Dr. Emily Mitchell, first author at the Wellcome Sanger Institute and clinician at CUH, said, “For the first time, we have taken a systematic view of the genetic effects of chemotherapy on healthy tissues—in this case, blood. We find that some, but not all chemotherapies cause genetic mutations and premature aging in normal blood.

“This study lays the groundwork for future research into the effects of chemotherapy on many other normal tissues, including multiple tissue sampling pre and post-treatment, across a range of chemotherapies in a larger group of patients. This comprehensive view would reveal the full range of effects of different chemotherapies, and help us to optimize patient health in the long term.”

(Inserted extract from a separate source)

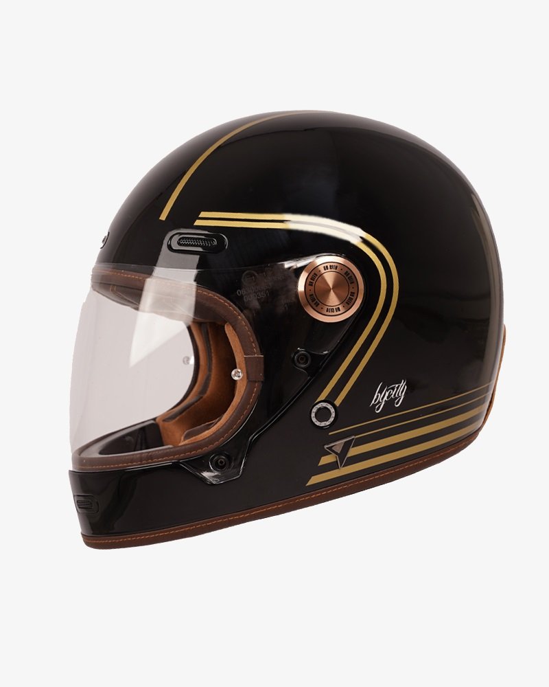 Casco Roadster III Gold Black integral de fibra de vidrio. Estilo y seguridad en conjunto. Nueva versión del Roadster II pero mejorada. Con cierre más seguro, nuevo interior y lamina antivaho incluida.
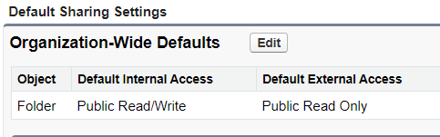 - Use the Manage sharing settings for: filter to show only settings related to the Folder object;

Dr. Jyoti Nangalia, co-lead author at the Wellcome Sanger Institute and Consultant Hematologist at CUH, said, “The effects of chemotherapy we see here—increasing numbers of mutations and premature aging of healthy blood—reasonably contribute to the heightened risk of additional cancers and the patient’s ability to tolerate further treatments in the future.

“Given that for many cancers, chemotherapy drugs can be switched with other agents to achieve similar results, we hope such genomic data will guide the optimization of future treatment plans to deliver effective chemotherapies with much fewer damaging side effects for patients.”

David Scott, Director of Cancer Grand Challenges, said, “This important research helps us better understand how some chemotherapy drugs can affect healthy cells as well as cancer cells.

“While many cancers can now be targeted using precision therapies, chemotherapy remains a key way to treat some cancers and saves many lives every year, so it’s vital that patients continue with the treatment recommended by their doctor. At the same time, studies like this are crucial for helping scientists improve cancer treatments in the future—making them not only more effective but also safer for people living with cancer.”

Professor Sir Mike Stratton, Mutographs team lead and co-lead author at the Wellcome Sanger Institute, said, “I believe that the results of this study hold implications for the way that chemotherapies are used to treat cancer patients. We are constantly on the lookout for better ways of giving therapy and minimizing the side effects of toxic, systemic treatments.

“I’m hopeful that the genomic information from this and future studies will guide choices of chemotherapies, and their adoption in clinical practice.”